“They gathered us up like cattle”: Chief Dominic Rankin, here 2014, recalls.
Image: Shaharzad Ghafari/Ethnologue Art
Chief Rankin is among some 150,000 Canadian Indigenous, Inuit and Mestizo peoples forced by the government to attend boarding schools. Then slowly work is being done on the abusive language from behind.
DThe early years of his childhood must have been magical. Dominic Rankin β or Kapitotak, as the Algonquin tribes call the indigenous people β took them to the forests of Abitibi, a remote region in the Canadian province of Quebec. The tribe, along with his parents and 17 siblings, roamed the forests and lived according to the rhythms of nature. The forest promised freedom. Freedom to live in harmony with mother earth, animals and plants. Every spring, members of the nomadic tribe roamed the pine and pine forests in search of orphaned bear cubs. βIt was part of our tradition to take a cub every year, feed it and watch it grow,β Chief Rankin recalled in an interview via Zoom. “Bear and we grew up together.”

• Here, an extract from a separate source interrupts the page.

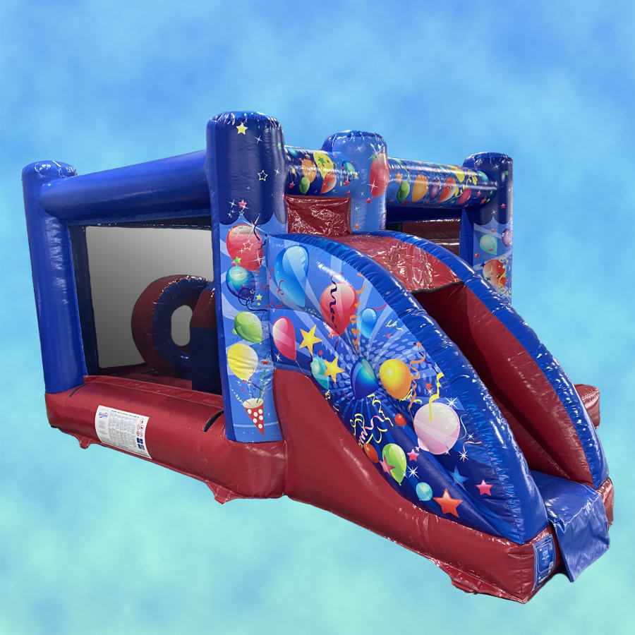This bright and colourful castle with it's cheery balloon design provides ample bouncing space but also has pop up's, biff and bash activities inside and a slide on the front to complete the fun. The all around netted sides ensure that the children can be easily watched whilst having fun.
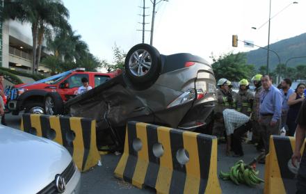 El siniestro provocó que los dos ocupantes del coche virado quedaran momentáneamente atrapados. Tuvieron que ser sacados de la averiada carrocería por rescatistas del Cuerpo de Bomberos de Guayaquil y luego trasladados a una clínica.

Shortly after the seventh birthday, tradition and freedom came to an end. It was when Canadian government officials came into the woods that the first white men met Rankin. Along with other Algonquin children, he raised the son of the tribal leader and medicine man. “They came without notice and picked us up like cattle,” says Chief Rankin. It would be seven years before he returned.